Aim of the task: Return the material below exactly, but only from the line with "Burton, M. R., Lei, C., Staniec, P." through the line with "5-5.5mm Cultured white", and without its pictures.

Data supplied:
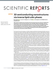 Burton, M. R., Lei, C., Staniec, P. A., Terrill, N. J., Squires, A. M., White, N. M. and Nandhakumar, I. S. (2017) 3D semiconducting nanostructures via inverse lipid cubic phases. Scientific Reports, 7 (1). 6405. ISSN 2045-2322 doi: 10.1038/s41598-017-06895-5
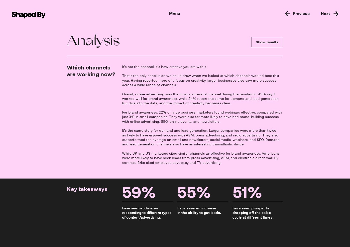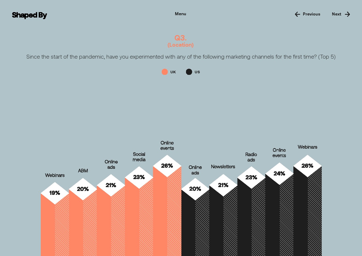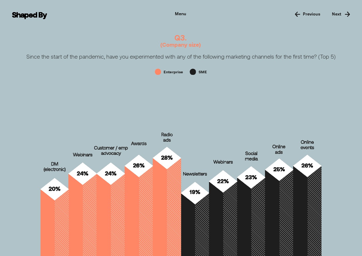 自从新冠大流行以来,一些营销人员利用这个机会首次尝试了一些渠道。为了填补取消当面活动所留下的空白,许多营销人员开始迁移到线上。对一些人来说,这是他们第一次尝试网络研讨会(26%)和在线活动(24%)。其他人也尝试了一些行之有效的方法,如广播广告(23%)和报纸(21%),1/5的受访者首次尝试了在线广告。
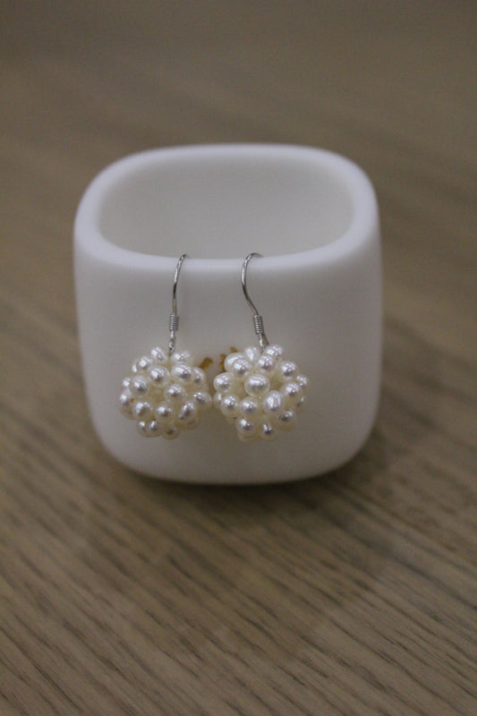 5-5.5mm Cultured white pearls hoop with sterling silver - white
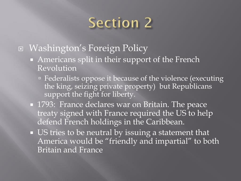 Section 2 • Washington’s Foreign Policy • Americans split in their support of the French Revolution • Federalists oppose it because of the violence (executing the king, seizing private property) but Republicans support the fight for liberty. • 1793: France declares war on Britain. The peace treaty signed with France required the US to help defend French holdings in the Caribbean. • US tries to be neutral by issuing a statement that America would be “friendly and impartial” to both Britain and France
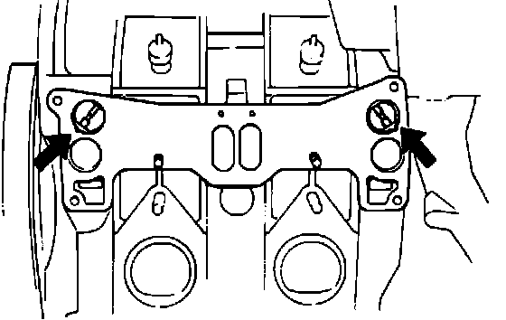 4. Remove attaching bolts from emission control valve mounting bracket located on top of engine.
* * *
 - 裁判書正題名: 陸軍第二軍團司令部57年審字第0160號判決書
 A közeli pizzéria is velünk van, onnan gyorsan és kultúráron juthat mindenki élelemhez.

Answer for the task:
 Burton, M. R., Lei, C., Staniec, P. A., Terrill, N. J., Squires, A. M., White, N. M. and Nandhakumar, I. S. (2017) 3D semiconducting nanostructures via inverse lipid cubic phases. Scientific Reports, 7 (1). 6405. ISSN 2045-2322 doi: 10.1038/s41598-017-06895-5
 自从新冠大流行以来,一些营销人员利用这个机会首次尝试了一些渠道。为了填补取消当面活动所留下的空白,许多营销人员开始迁移到线上。对一些人来说,这是他们第一次尝试网络研讨会(26%)和在线活动(24%)。其他人也尝试了一些行之有效的方法,如广播广告(23%)和报纸(21%),1/5的受访者首次尝试了在线广告。
 5-5.5mm Cultured white pearls hoop with sterling silver - white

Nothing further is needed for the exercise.